Сначала я несколько досадовал, когда мой взгляд падал на ее саван, и иногда я ощущал мгновенное сожаление о том, что погода переменилась и что моей гостье не нужно облачаться в иное платье, во что-нибудь, не столь отвратительное, как это жалкое одеяние. Но постепенно моя досада улеглась, в конце концов, можно привыкнуть ко всему, даже к савану! Впрочем, тут же во мне поднималась волна жалости к моей гостье, узнавшей столь страшный опыт.

Вскоре мы, казалось, забыли обо всем — уж я так точно, — кроме того, что мы, мужчина и женщина, находимся рядом. Странность обстоятельств, похоже, не имела значения — не заслуживала даже мимолетного раздумья. Мы по-прежнему сидели на некотором расстоянии друг от друга и почти не разговаривали. Не припомню ни слова, слетевшего с наших губ, когда мы сидели у огня, но иной язык пришел на помощь — язык взглядов, и наши глаза вели свою беседу, более красноречивые, чем губы, когда они слагают фразы человеческой речи. Получая на этом подходящем языке ответы на свои вопросы, я с невыразимым волнением начал осознавать, что моя любовь взаимна. В подобной ситуации просто невозможно недопонимание. Я просто не мог допустить в сердце сомнения. Я испытывал робость, но то была робость истинной любви, непременная спутница этой дивной, всепоглощающей и подчиняющей нас себе страсти. В присутствии моей любимой меня переполняли чувства, налагающие запрет на речь, которая в подобной ситуации оказалась бы слишком несовершенной и даже звучала бы слишком грубо. Моя любимая тоже хранила молчание. Но теперь, когда я один, когда я наедине с воспоминаниями, я могу с уверенностью сказать, что она тоже была счастлива.

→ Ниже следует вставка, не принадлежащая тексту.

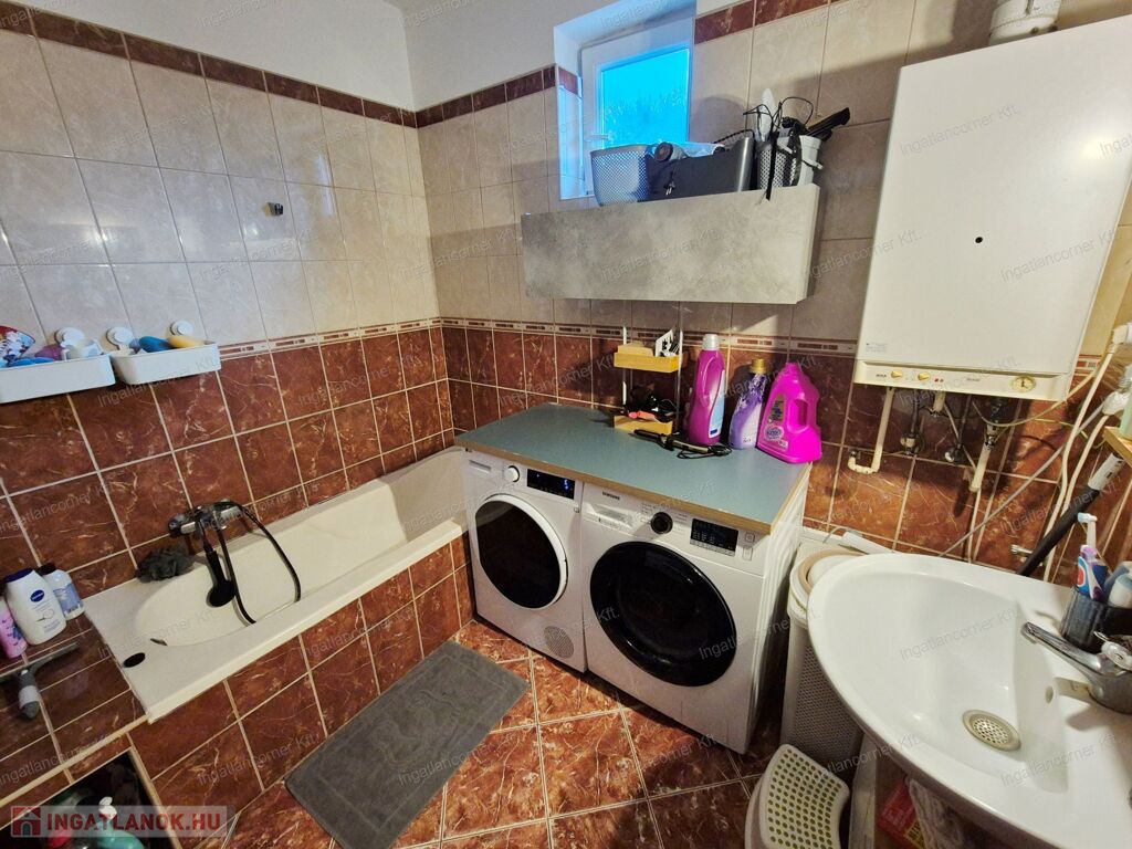 - A lakásban egy nagyméretű, káddal felszerelt fürdőszoba (6,22m2) található, ahol a mosó és szárítógép is kényelmesen elfér, külön mellékhelyiség is rendelkezésre áll, ami jelentősen növeli a komfortérzetet.

Нет, не совсем так. «Счастье» — не совсем подходящее слово, чтобы описать и ее, и мои чувства. Счастье — это довольно подвижное и, скорее, осознаваемое переживание. Мы же были умиротворены. Да, именно умиротворены; и теперь, когда я могу анализировать то, что испытывал, и правильно толковать смысл слова, считаю это слово предельно точным. Умиротворение предполагает как позитивные, так и негативные предшествующие условия. Предполагает отсутствие тревоги, а также желаний: оно указывает на достижение, или обретение, или же накопление чего-то благого. В нашем состоянии ума — возможно, это и самонадеянность с моей стороны, но я с радостью сознавал, что мы мыслили одинаково, — такое умиротворение означало, что мы пришли к пониманию: что бы дальше ни случилось, все только к лучшему. Дай Бог, чтобы так и было!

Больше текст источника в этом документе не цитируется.